Grenier also wrote a long article on the Oliver Stone film JFK for The Times Literary Supplement, describing it as "bludgeoning" the viewer in support of a conspiracy theory.

Grenier was also strongly antagonistic towards the United Nations, criticizing what he claimed was the "odd concentration of UN activity around the organization's two pariah states, South Africa and Israel as if they were the only trouble spots on the globe." Grenier accused the organisation of hypocrisy for granting observer status to SWAPO and the PLO but not the anti-Soviet forces in Afghanistan: "I have no idea why the Afghans struggling desperately to free their country from Soviet occupation do not qualify as a national liberation movement, but I have never heard them mentioned once in the corridors of the U.N., except by the United States".

==Organizations==
Grenier was a member of the Council on Foreign Relations and the Harvard Club.

==Books==
Grenier wrote two novels, Yes and Back Again (1967) and The Marrakesh One-Two (1983), and a collection of essays, Capturing the Culture: Film, Art and Politics (1991).
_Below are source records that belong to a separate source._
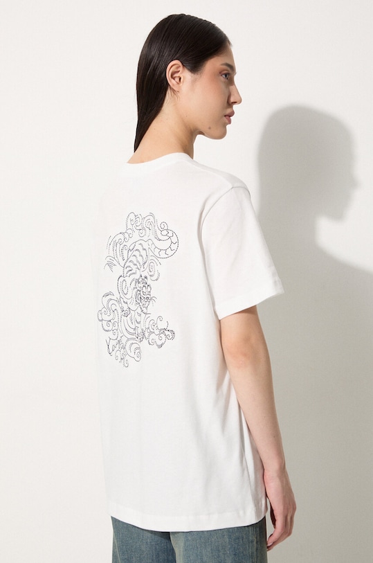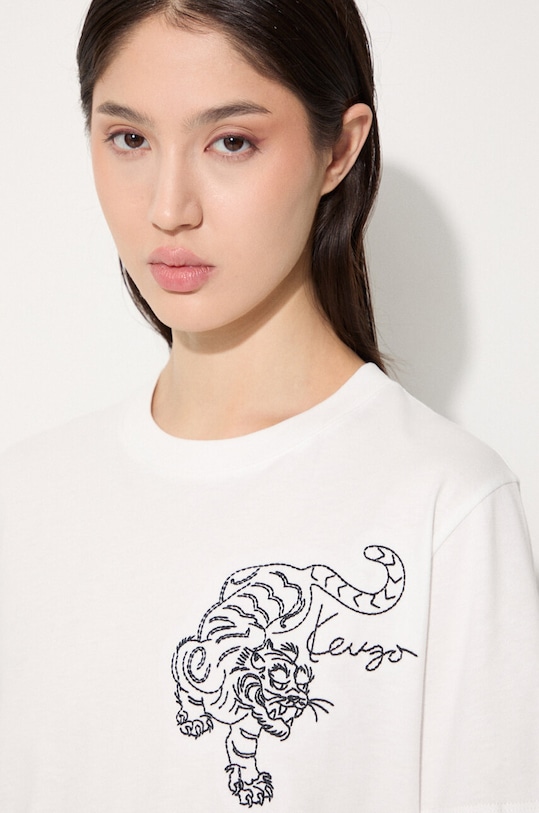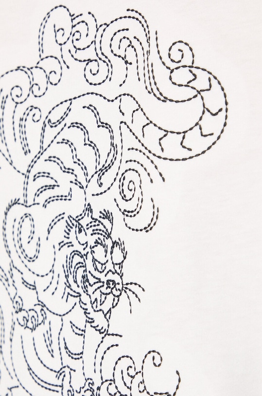 Эта футболка из коллекции Kenzo выполнена из эластичного трикотажного полотна, изготовленного из исключительно комфортного хлопкового материала. Этот продукт изготовлен из сертифицированного органического хлопка, выращенного и собранного с растений, не содержащих ГМО, без использования удобрений и пестицидов. Процесс производства органического хлопка более экологичен, и изделия из него также более экологичны. Наш хлопок сертифицирован по стандарту GOTS (Глобальный стандарт органического текстиля), что гарантирует его производство с заботой об окружающей среде и соблюдением прав работников. - Классический круглый вырез. - Тонкий, эластичный трикотаж. - Модель с декоративной вышивкой. - Обычная посадка. - Длина: 67 см. - Ширина под мышками: 52 см. - Размеры указаны для размера: S.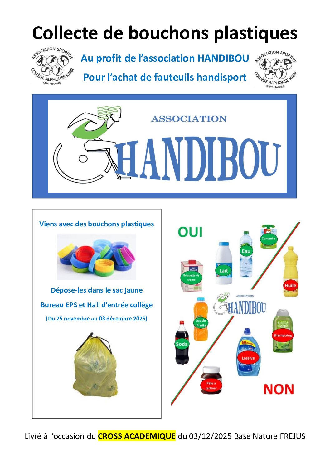 Une collectes de Bouchons plastiques est mise en place au profit de l’Association Handibou (cliquer ICI pour en savoir plus sur…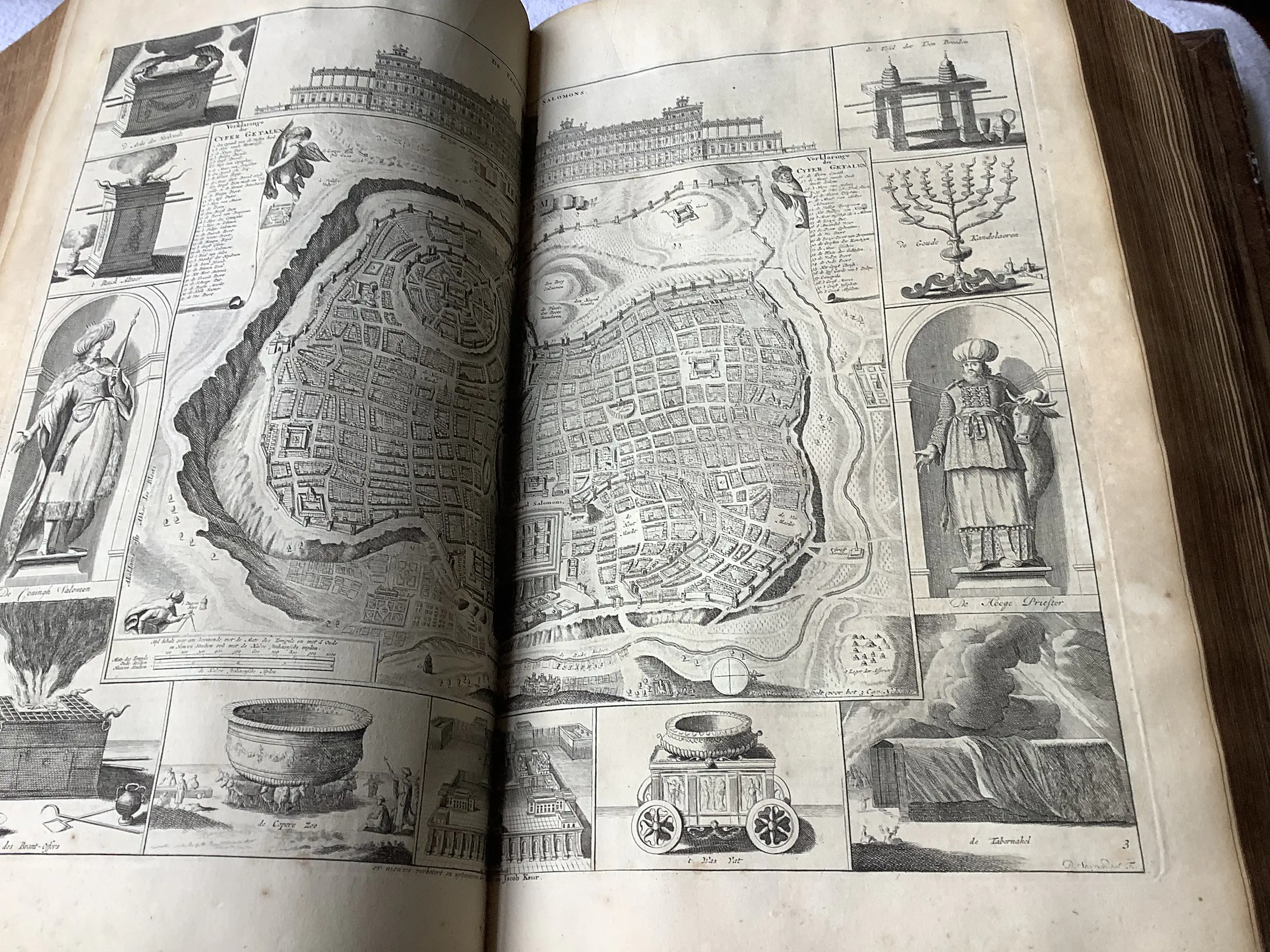 Statenbijbel uit 1729. Deze editie is prachtig gebonden in varkensleer, voorzien van authentieke koperen hoekstukken en sloten. De bijbel werd uitgegeven door de gerenommeerde drukkers Pieter en Jacob Keur en is volledig intact en in goede staat bewaard gebleven. Deze uitgave is voorzien van de originele kaarten waaronder een fraaie wereldkaart en naast andere kaarten ook een kaart van Jeruzalem met een beschrijving ervan. Dit is een waardevolle en prachtig bewaarde Staenbijbel uit 1729.

Capturing the Culture carried an introduction by Robert H. Bork, who praised Grenier for "exposing and then skewering the Cultural Left".

The Marrakesh One-Two is a picaresque comic novel portraying the foibles of a Hollywood screenwriter who moonlights as a CIA agent while working in the Middle East. Inspired by the troubled production of The Message, a film biography of Muhammad, the book has been deemed "notable for its anti-Arabism" and "its prejudice towards Islam." The dustcover of The Marrakesh One-Two featured enthusiastic blurbs from then-Senator Daniel Patrick Moynihan and Love Story author Erich Segal. Anatole Broyard reviewed the book for The New York Times, writing that, while the novel “is superior to most comic novels and/or suspense stories,” there was “something in the author's voice - the felt presence of a real style” that “leads the reader to expect a little more than he gets.”

==Family==
Grenier was married to Cynthia Grenier. He was the brother of Robert Grenier and Barbara Applebaum.

==Death==
Grenier died on January 29, 2002, from a heart attack at the age of 68 at his home in Washington. As a US Navy veteran he was interred at Arlington National Cemetery.